The book tells the story of Sandie Callan, who we first meet as a nine year old who is having a recurring nightmare in which she is visited by a snarling black dog. A solution is found to this in the form of her own pet dog, Rabbie, whose presence in her life keeps the bad black dog at bay. Gradually the black dog disappears, Sandie grows up and life moves on. But later, while Sandie is away at university, the black dog returns. It stalks her once more until, one day, she has to come face to face with it and see what she is made of.
I loved this book. The narrative itself is quite simple which leaves plenty of ‘reader space’ to enjoy the incredible imagery of both the text and the illustrations as well as examine the thought-provoking underlying theme of fear and anxiety and how we deal with that. The opening chapter describes the nightmare that Sandie is being visited by; it is written in the second person which makes you feel like you are the one experiencing the nightmare. ‘You are walking down the garden path. You are wearing strange and heavy clothes. Your hands explore them but do not recognise them. It’s very dark but your feet know the way’. Even if you are not someone who has experienced this kind of dream/ nightmare, the chapter so strongly evokes that sense of discomfort and nervous anticipation building to panic that you can’t help but feel it and possibly recognise its equivalent in your own life. The rest of the short story covers Sandie’s life from 9 years old to early adulthood and portrays a sense of both how we change and how we stay the same. Emma Shoard’s incredible illustrations cleverly echo the main events of the text as well drawing out the emotions and themes through her spectacular and subtle use of shapes, shading and colour.

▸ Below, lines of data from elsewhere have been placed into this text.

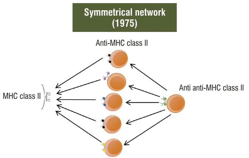 “对称网络理论”最早由霍夫曼于1975年提出,并在接下来的几年里进行了修改,以适应新的实验证据。对称网络理论修改了Jerne的各种抗独特型抗体,认为对于可以形成免疫反应或耐受的每种抗原,免疫系统中都存在两组相应的独特型:(a)通过互补相互作用(互补图像)识别抗原的独特型;(b) 识别抗原抗体可变区的独特型,因此在功能上与抗原相似(内部图像)。换句话说,只有当抗原与至少一个独特位基因相似时,它才是抗原。从这一假设中可以得出,免疫系统只会识别、处理和响应系统中编码为内部/互补图像集的抗原,独特型网络是决定免疫库大小和多样性的一个因素。
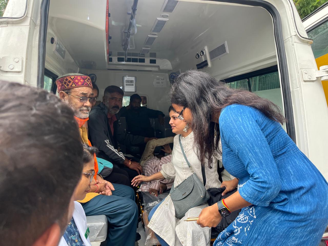 देहरादून, 17 सितम्बर: अतिवृष्टि के कारण मसूरी-देहरादून रोड का एक हिस्सा धंस जाने से मसूरी का जिला मुख्यालय से संपर्क टूट गया। इस बीच मसूरी अस्पताल में डायलिसिस और अन्य गंभीर बीमारियों से जूझ रहे मरीजों की जान पर संकट आ गया। हालात की गंभीरता देखते हुए जिलाधिकारी ने खुद मोर्चा संभाला और 13 गंभीर मरीजों को सुरक्षित देहरादून पहुंचाया।
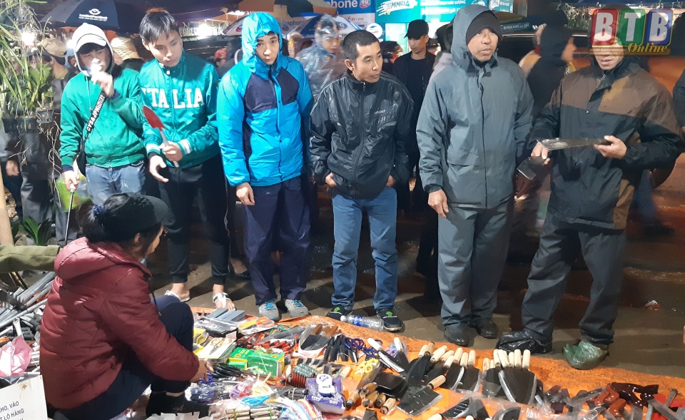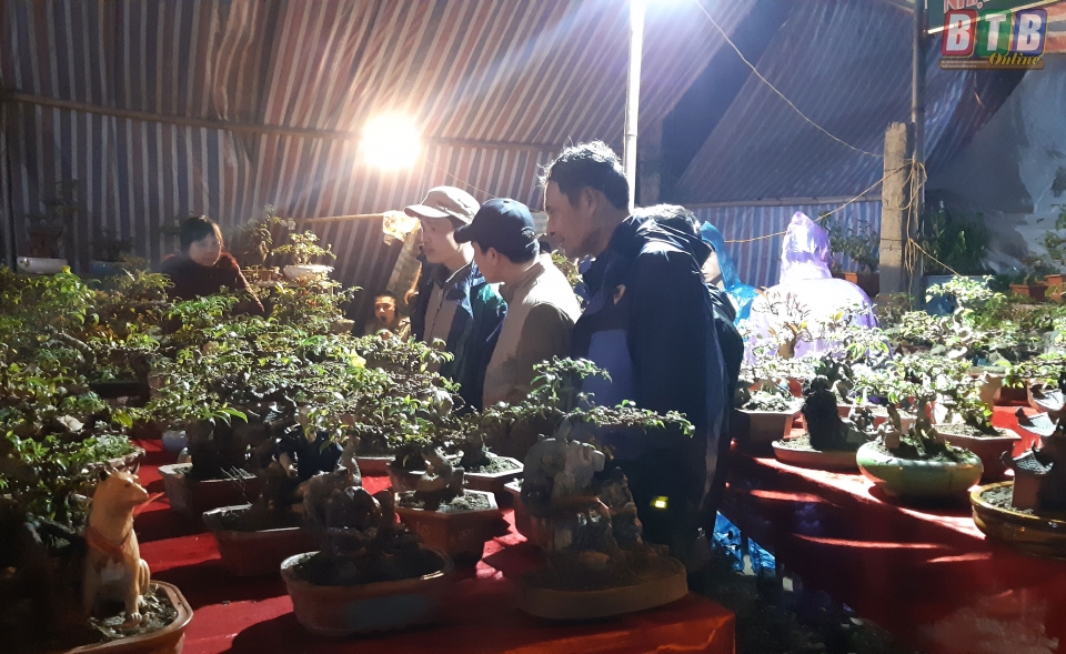 Du khách chọn mua cây cảnh tại chợ Viềng.
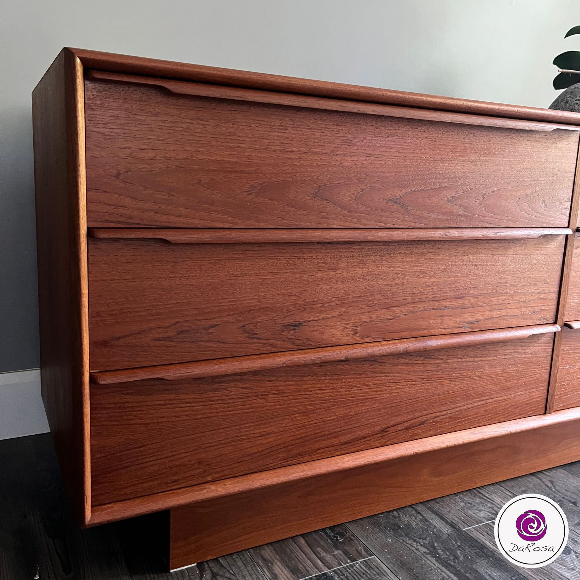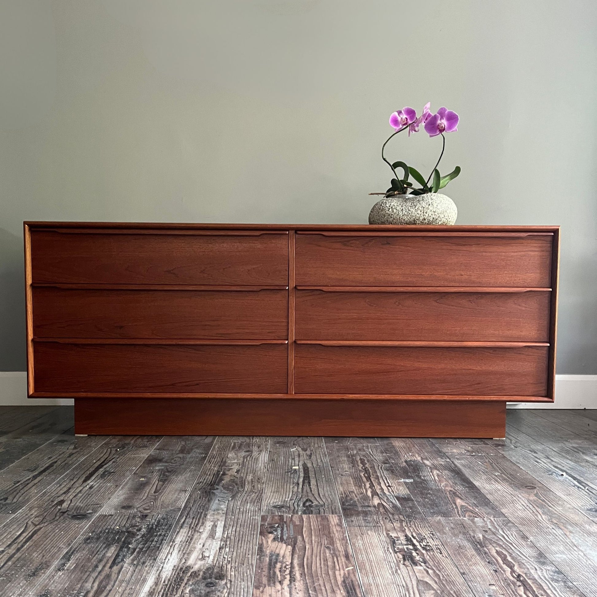 Beautiful vintage lowboy dresser featuring clean Mid-Century Modern lines and rich wood tones. This piece offers six spacious drawers with sculpted integrated pulls and a sturdy plinth base.
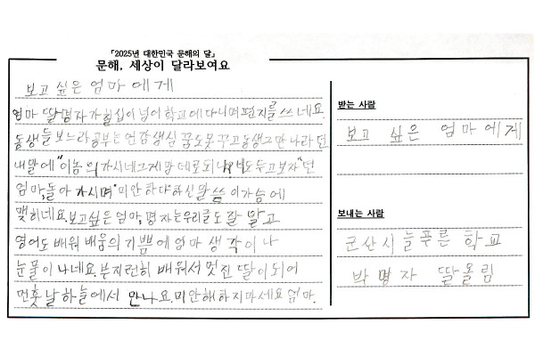 보고 싶은 엄마에게 > 2025성인문해교육 엽서쓰기
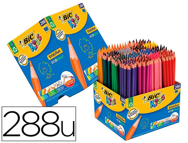 BIC Kids Evolution ECOlutions Crayons de Couleur Class Pack 210+78 Corps hexagonal coloré - Résine de synthèse - Pas d'écharde en cas de bris - Mine super solide - 12 Couleurs vives - Facile à tailler - Fabriqué à partir de 51% de matière recyclée *Taux de matière recyclée hors consommables (cartouches, encre, recharge ou mines et hors packaging
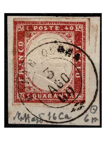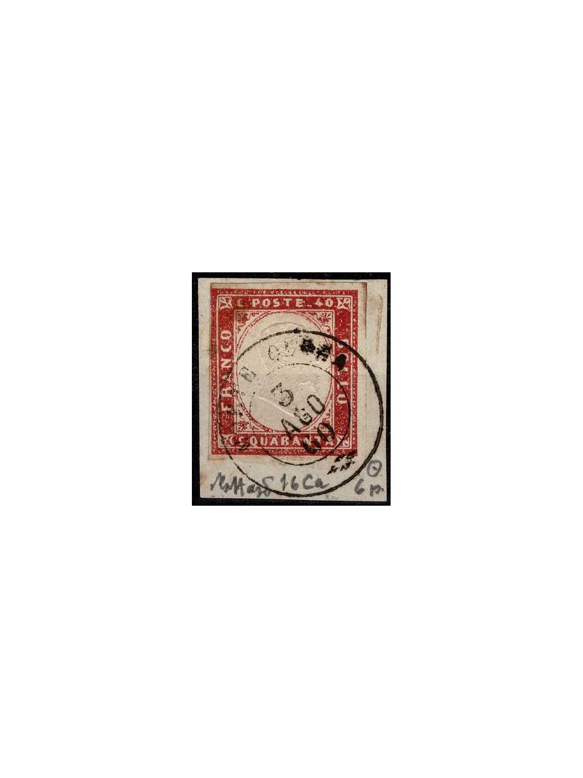 1860 SARDEGNA 40 CENT CARMINIO SASSONE N 16Ca SU FRAMMENTO CAFFAZ MF23073
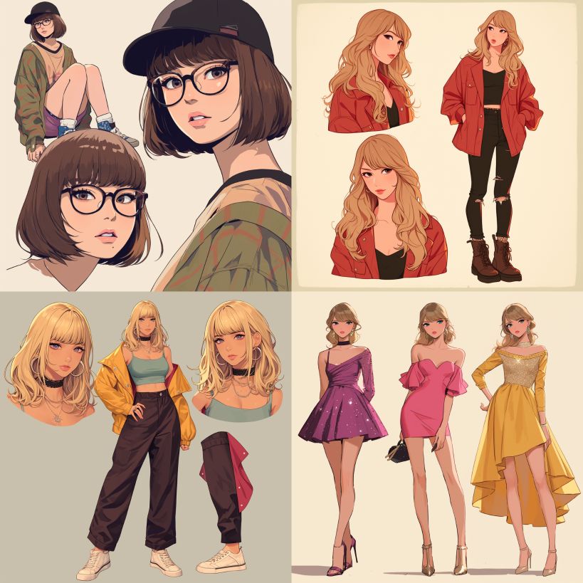 Midjourney Bot 更新时间:2024-02-17 00:18Character design, the female protagonist is a celebrity who looks like Taylor Swift, with three views and a live action illustration style. --ar 1:1 --niji 6
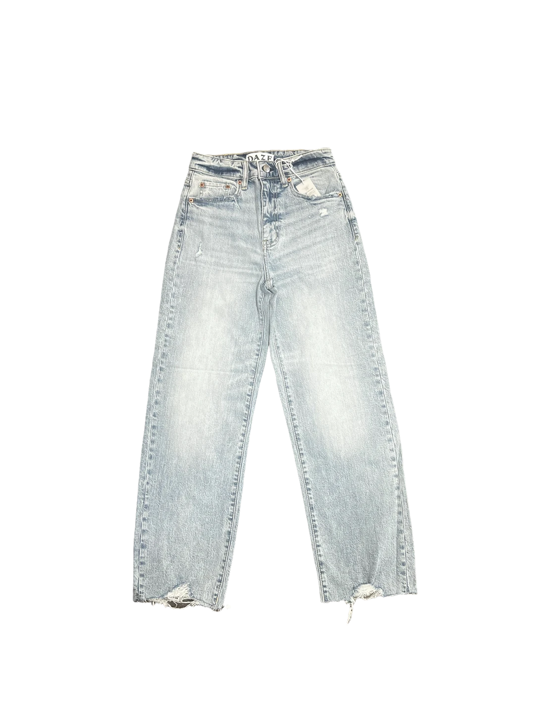 Light-Wash, High-Waisted, Minimal Destruction, Ripped Bottom, Cropped Length
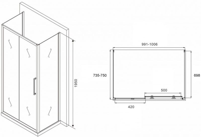 Душевой уголок ABBER Schwarzer Diamant AG30100H-S75-S75 100x75см хром
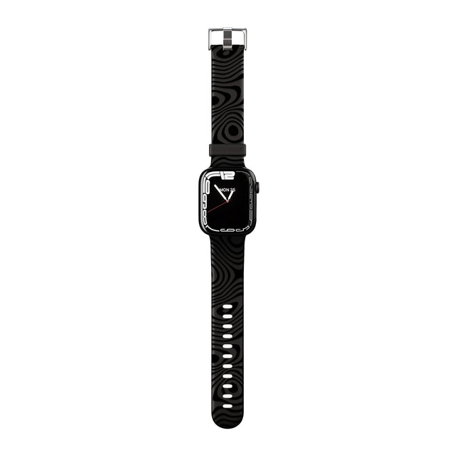 Elevate your watch's style with this sleek black and white abstract optical illusion strap. Featuring a mesmerizing fluid wave pattern, this watch strap combines modern aesthetics with a bold, eye-catching design.
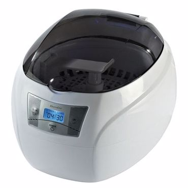 Nettoyeur à ultrasons 550 ml, écran LCD, 5 durées: 1 minute 30, 3 minutes, 4 minutes 30, 6 minutes, 7 minutes 30, arrêt automatique, retro-éclairage bleu, le nettoyeur génère une multitude de micro bulles qui nettoieront même dans les endroits difficiles à atteindre les bijoux, montres, dentiers, lunettes, tête de rasoirs électriques, CD/VCD/DVD,... cuves: acier inoxydable, livré avec support pour montre et support pour CD et panier.
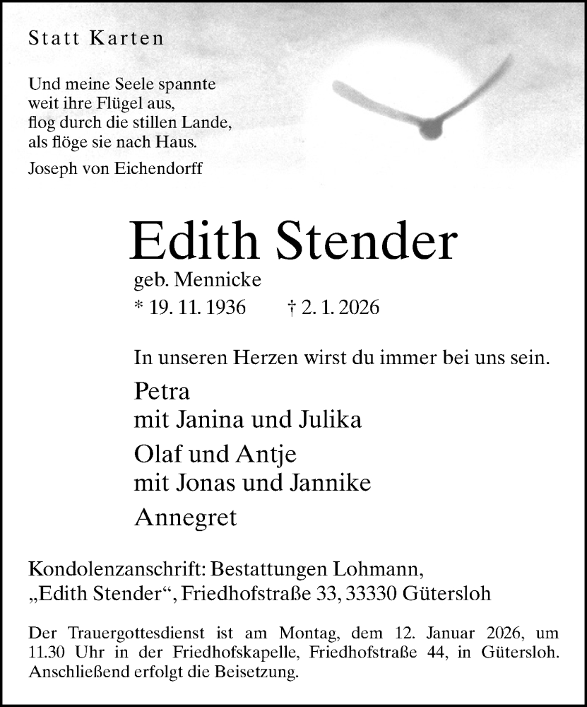 Hier finden Sie alle Traueranzeigen aus der Zeitung, die bisher für Edith Stender erschienen sind. Weitere Traueranzeigen, die in der Zeitung erscheinen, werden hier ebenfalls aufgelistet
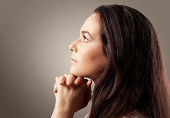 An asian woman desperately prays for a miracle while looking up to the heavens. A lady in her 20s sitting on a bench praying.
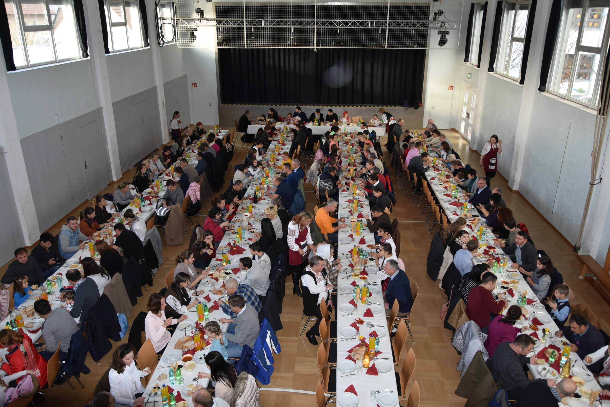 Duminică dimineața vom săvârși Sf. Liturghie conform programului obișnuit, urmând ca după rugăciune să ne bucurăm împreună la agapa frățească.
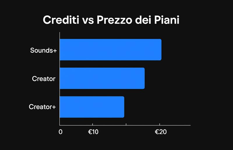 piani principali partono da $12.99/mese (Sounds+), $19.99/mese (Creator) e $39.99/mese (Creator+). Ogni piano offre un numero diverso di crediti mensili, accumulabili nel tempo.
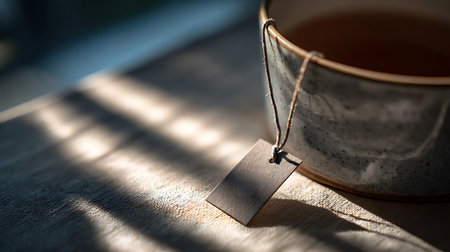 A tea bag hangs over a rustic cup, gradually infusing the water with rich color, creating a serene ambiance in the morning light.
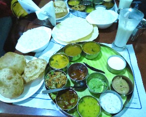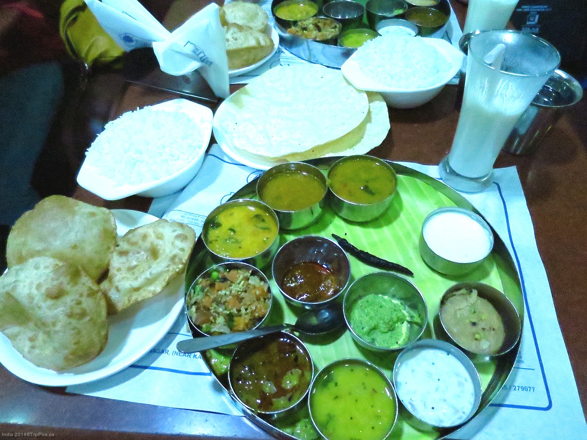 18 After a day of touring Delhi we order a typical Indian dinner called a thali and a sweet lassi to drink. A little bit of everything.

This would be a great read for upper junior readers and would be an excellent choice to engage emergent or less enthusiastic readers as well as those more confident. It is a short read that could be read in its entirety fairly quickly, but with a lot to take out from it. The relative simplicity of the narrative and the grammatical structures Mal Peet uses make it an accessible read, yet the book is also packed with moments of powerful tension, rich imagery and sophisticated themes. Peet’s clever use of figurative language and other narrative devices (similes, metaphors, precise vocabulary to create setting and atmosphere, short – sometimes single word, sometimes fractured – sentences) would make for rich exploration. As would the themes touched on through the story: a child being plagued by a recurring nightmare to depression, fear, anxiety, violence, social deprivation. In my opinion, these are all presented in the narrative in a way that makes it suitable for a Year 5 and 6 class; however, this is definitely a book that should be read in advance by the teacher and carefully considered in terms of how it might need handling and discussing with individual children as there are some big themes. Personally, I loved this book and think it could make an excellent class text.